WBConfCall 2019.11.21-Agenda and Minutes
- Request: Import single cell transcription profiling experiment data #7432
- WormBase BLAST no longer provides links to gene/protein #7435
- Cannot watch video in Wormbook #7392 (was to be forwarded to WormBook, as discussed two weeks ago)
Moving to Zoom platform from GOTO meeting starting December
- GOTO meeting hiccups happened a few times. Helpless customer support experience.

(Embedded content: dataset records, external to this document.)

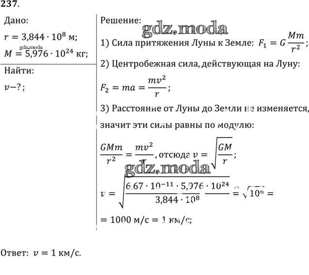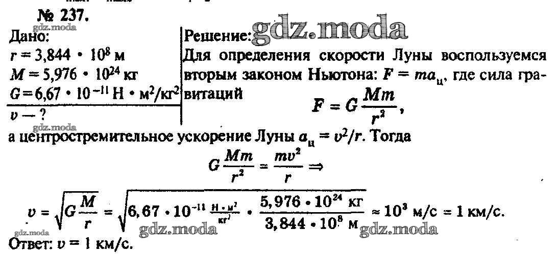 ОТВЕТ на задание № 237 Задачник по Физике 10-11 класс Рымкевич УМК
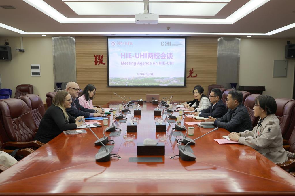 罗毅平向远道而来的Lorenz Cairns校长一行表示热烈欢迎。他回顾了中英两校从2012年开始合作,至今十三年时间里,在人才培养、教师交流、学术研究等各方面取得的丰硕成果,共同谱写了成功合作的华丽篇章。他感谢UHI的领导和老师们一直以来对合作项目的大力支持和辛勤付出,希望双方继续秉持“互利共赢,共同发展”的原则,以高质量建设为引领,深度融合学科优势、办学特色和优质师资,积极探索学生培养和科研合作等方面的新思路新路径,共同打造中英两国高校国际合作典范。
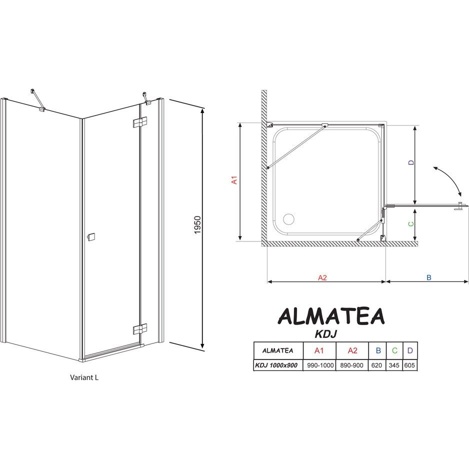 Размеры душевого уголка составляют 100x90 см, обеспечивая оптимальное пространство для комфортного принятия душа. Изделие поддерживает как напольный монтаж, так и установку на поддон, который приобретается отдельно. Представлена одностворчатая распашная дверь, открывающаяся наружу, облегчая доступ в душевое пространство. Каркас из алюминия и хромированные профили добавляют эстетическую привлекательность и устойчивость конструкции. Процесс регулировки позволяет изменять ширину уголка на несколько сантиметров, благодаря чему возможно максимальное подгонку под размеры вашей ванной. Производитель предоставляет гарантию на 3 года, которая подтверждает надежность душевого уголка Radaway Almatea, изготовленного в Польше.
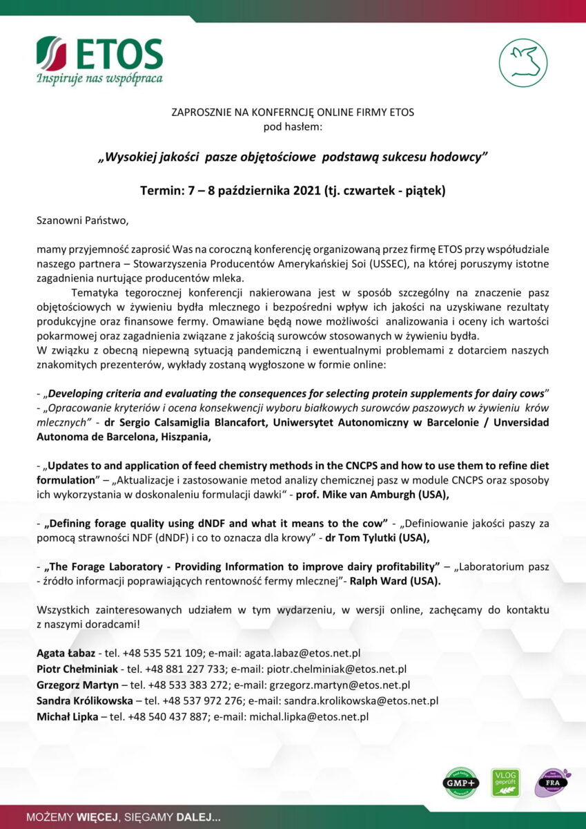 Konferencja online Działu Żywienia Przeżuwaczy
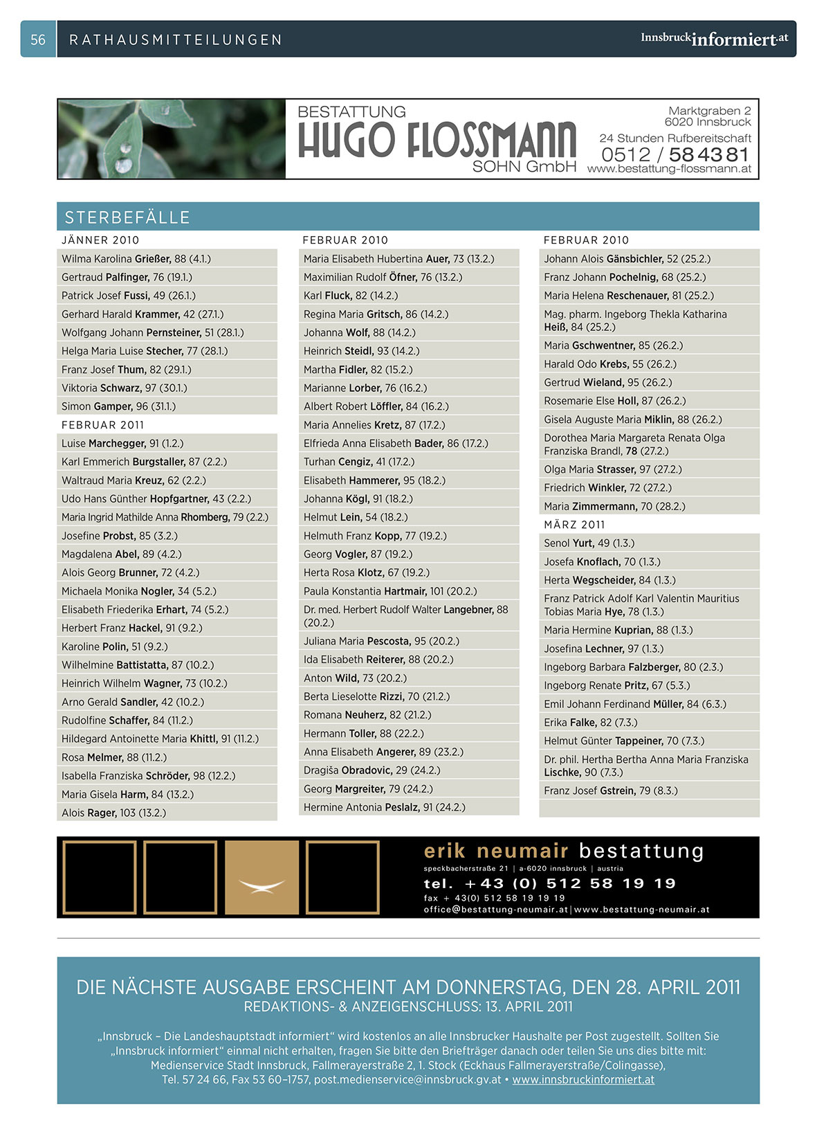 „Innsbruck informiert“ einmal nicht erhalten, fragen Sie bitte den Briefträger danach oder teilen Sie uns dies bitte mit:
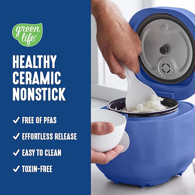 GreenLife Digital Rice Cooker, 2-Cups Uncooked/4-Cups Cooked, Removable Nonstick Ceramic PFAS-Free Pot, One-Touch Presets, Oats, Quinoa, Brown Rice, Auto Keep Warm, Fuzzy Logic Tech, 1.5 QT, Navy Blue
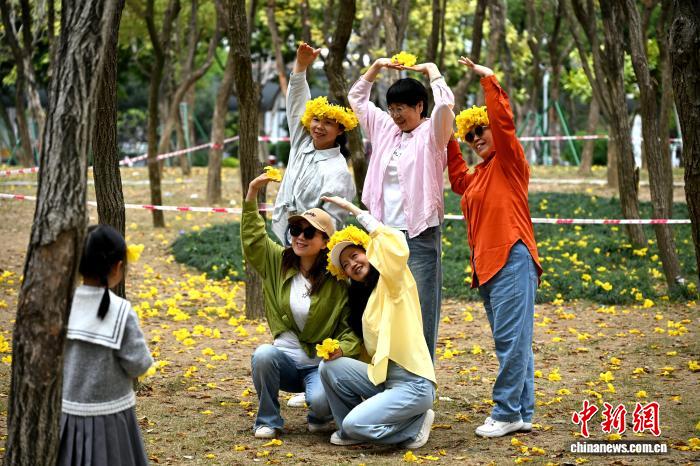今日市平易近正在祸州黄花风铃木花园内乱游历、赏花。中新社记者 吕亮 摄
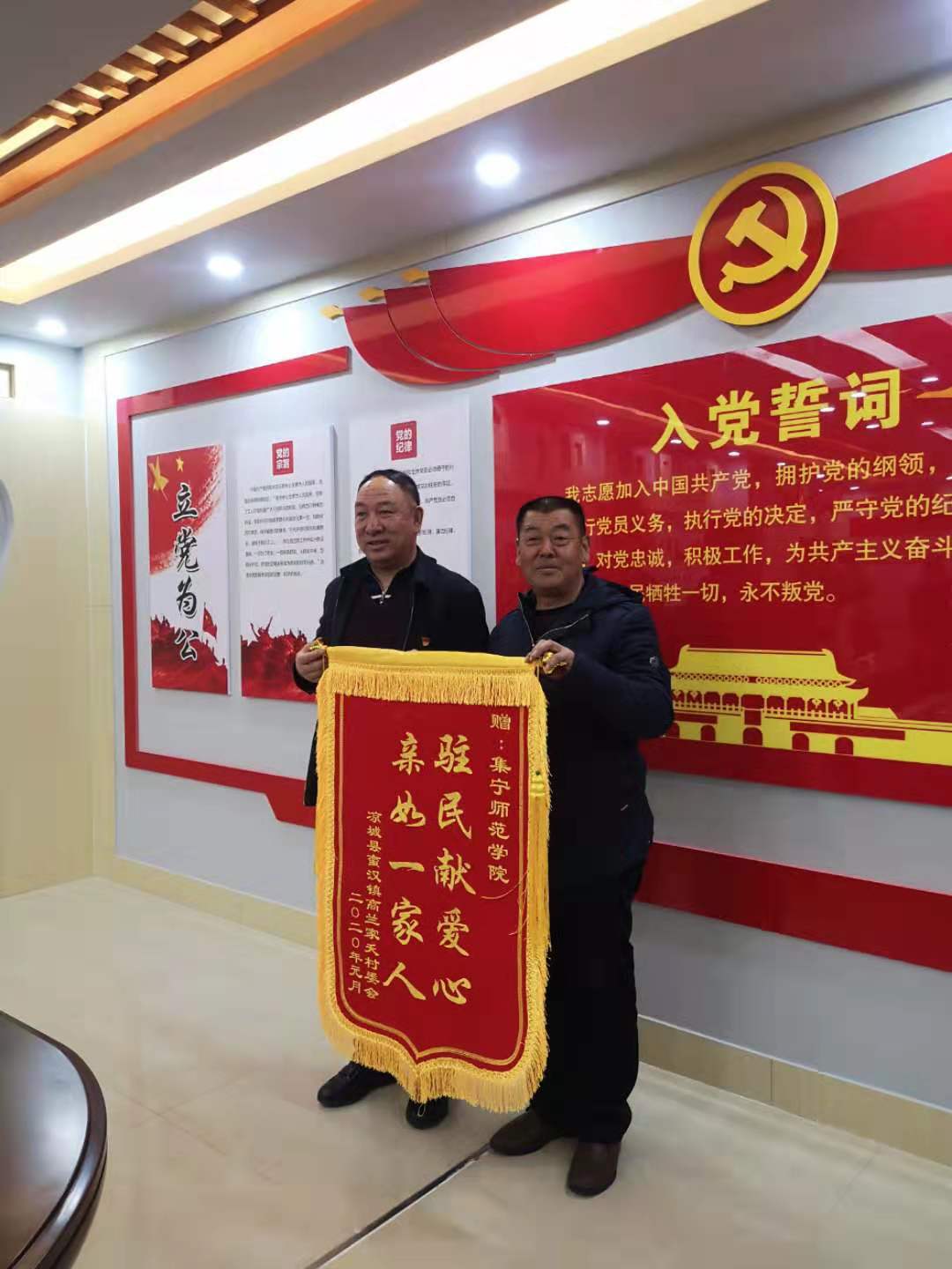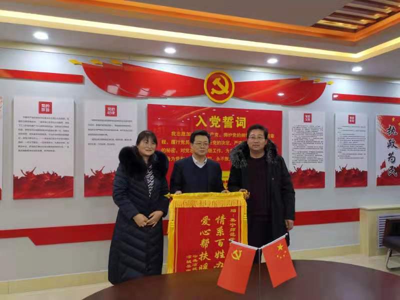 最后,校领导与蛮汉镇政府、左卫夭村、高兰家夭村代表举行了赠送锦旗仪式。

- AGR uses Zoom with good experience.
WormCat - Amy Walker Lab
- Tool for RNA seq visualizaton #7436 Gene Set Enrichment WormCat
Categories of mixed aspects: Cat1 like "Neuronal function"; "Non-coding RNA", Cat3 "Peroxisome: other", "Signaling: Janus" each has member of one gene Difficult to update 'Curated' Categories (34 Cat1(248 Cat2(455 Cat3))) One gene - one Category ONLY: lin-3 "Development: general"; let-23 "Signaling: Y kinase" Suggested link under Resources:External databases https://wormbase.org/resources#3--10
Allele CRISPR Nomenclature
Two questions have been answered recently and we will be discussing things this afternoon in our call and I wondered if you had any ideas on setting up additional standards:
1) C. elegans genetic nomenclature upon CRISPR. If I make one modification using CRISPR (e.g. bus-50(e5000), and in a separate experiment modify bus-50(e5000) to create another lesion elsewhere in the gene, would it be bus-50(e5000e5001) or would it be bus-50(e5002). In the million mutation project, different alleles in one gene are labelled as a list of alleles. Furthermore, revertants are labelled as shown- lin-12(n676n930)-n930 is an intragenic revertant of the n676 lin-12 gain of function allele.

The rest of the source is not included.